:: Entries supplied ::
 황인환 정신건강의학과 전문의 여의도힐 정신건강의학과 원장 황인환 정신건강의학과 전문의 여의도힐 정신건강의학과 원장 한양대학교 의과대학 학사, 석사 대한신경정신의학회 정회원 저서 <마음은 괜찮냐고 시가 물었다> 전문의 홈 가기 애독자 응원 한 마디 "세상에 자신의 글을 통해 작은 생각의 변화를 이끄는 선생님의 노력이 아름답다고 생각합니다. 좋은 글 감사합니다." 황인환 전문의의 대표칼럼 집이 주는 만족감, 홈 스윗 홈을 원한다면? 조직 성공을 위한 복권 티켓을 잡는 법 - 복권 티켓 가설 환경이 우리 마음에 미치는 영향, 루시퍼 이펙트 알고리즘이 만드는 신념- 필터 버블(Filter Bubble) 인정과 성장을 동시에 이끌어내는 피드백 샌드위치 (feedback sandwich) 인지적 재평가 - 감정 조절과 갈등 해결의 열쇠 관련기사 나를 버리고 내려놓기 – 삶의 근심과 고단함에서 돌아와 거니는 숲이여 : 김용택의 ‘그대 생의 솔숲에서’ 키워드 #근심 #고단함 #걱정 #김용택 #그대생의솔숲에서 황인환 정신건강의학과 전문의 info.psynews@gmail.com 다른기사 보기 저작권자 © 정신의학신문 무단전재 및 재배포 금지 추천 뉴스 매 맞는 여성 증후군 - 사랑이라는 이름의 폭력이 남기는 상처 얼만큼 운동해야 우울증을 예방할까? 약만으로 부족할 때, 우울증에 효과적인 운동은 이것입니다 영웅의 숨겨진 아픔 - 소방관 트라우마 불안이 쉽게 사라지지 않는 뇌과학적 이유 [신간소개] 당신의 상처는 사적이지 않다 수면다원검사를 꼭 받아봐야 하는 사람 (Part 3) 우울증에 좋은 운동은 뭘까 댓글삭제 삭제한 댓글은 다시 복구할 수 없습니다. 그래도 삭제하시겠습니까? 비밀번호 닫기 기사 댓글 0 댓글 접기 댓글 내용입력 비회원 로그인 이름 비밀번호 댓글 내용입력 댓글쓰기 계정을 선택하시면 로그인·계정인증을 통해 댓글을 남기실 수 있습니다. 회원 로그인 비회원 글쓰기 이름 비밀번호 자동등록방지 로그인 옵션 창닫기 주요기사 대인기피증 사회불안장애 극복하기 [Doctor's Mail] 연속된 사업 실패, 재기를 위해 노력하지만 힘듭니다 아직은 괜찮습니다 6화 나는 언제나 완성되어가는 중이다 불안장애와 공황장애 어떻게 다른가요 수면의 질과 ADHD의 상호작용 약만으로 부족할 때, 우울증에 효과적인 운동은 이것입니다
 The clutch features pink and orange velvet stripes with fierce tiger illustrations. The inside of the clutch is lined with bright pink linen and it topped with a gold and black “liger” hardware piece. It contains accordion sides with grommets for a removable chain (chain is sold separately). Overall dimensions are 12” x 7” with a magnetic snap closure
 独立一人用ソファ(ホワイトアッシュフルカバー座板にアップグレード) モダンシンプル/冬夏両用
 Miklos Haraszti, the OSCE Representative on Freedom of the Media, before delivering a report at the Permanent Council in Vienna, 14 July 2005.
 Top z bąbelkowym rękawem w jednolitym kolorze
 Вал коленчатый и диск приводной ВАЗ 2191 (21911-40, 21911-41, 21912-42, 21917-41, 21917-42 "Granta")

--

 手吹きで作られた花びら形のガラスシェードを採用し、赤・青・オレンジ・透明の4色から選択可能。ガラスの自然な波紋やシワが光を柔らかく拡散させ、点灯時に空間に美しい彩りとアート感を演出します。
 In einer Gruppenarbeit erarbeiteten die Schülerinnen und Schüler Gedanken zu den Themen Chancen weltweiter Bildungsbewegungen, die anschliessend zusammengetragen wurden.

:: What is needed ::
Within the listing above, give again exactly every line from the line with "Miklos Haraszti, the" through the line with "Вал коленчатый и", both included, and no other line.

:: The answer ::
 Miklos Haraszti, the OSCE Representative on Freedom of the Media, before delivering a report at the Permanent Council in Vienna, 14 July 2005.
 Top z bąbelkowym rękawem w jednolitym kolorze
 Вал коленчатый и диск приводной ВАЗ 2191 (21911-40, 21911-41, 21912-42, 21917-41, 21917-42 "Granta")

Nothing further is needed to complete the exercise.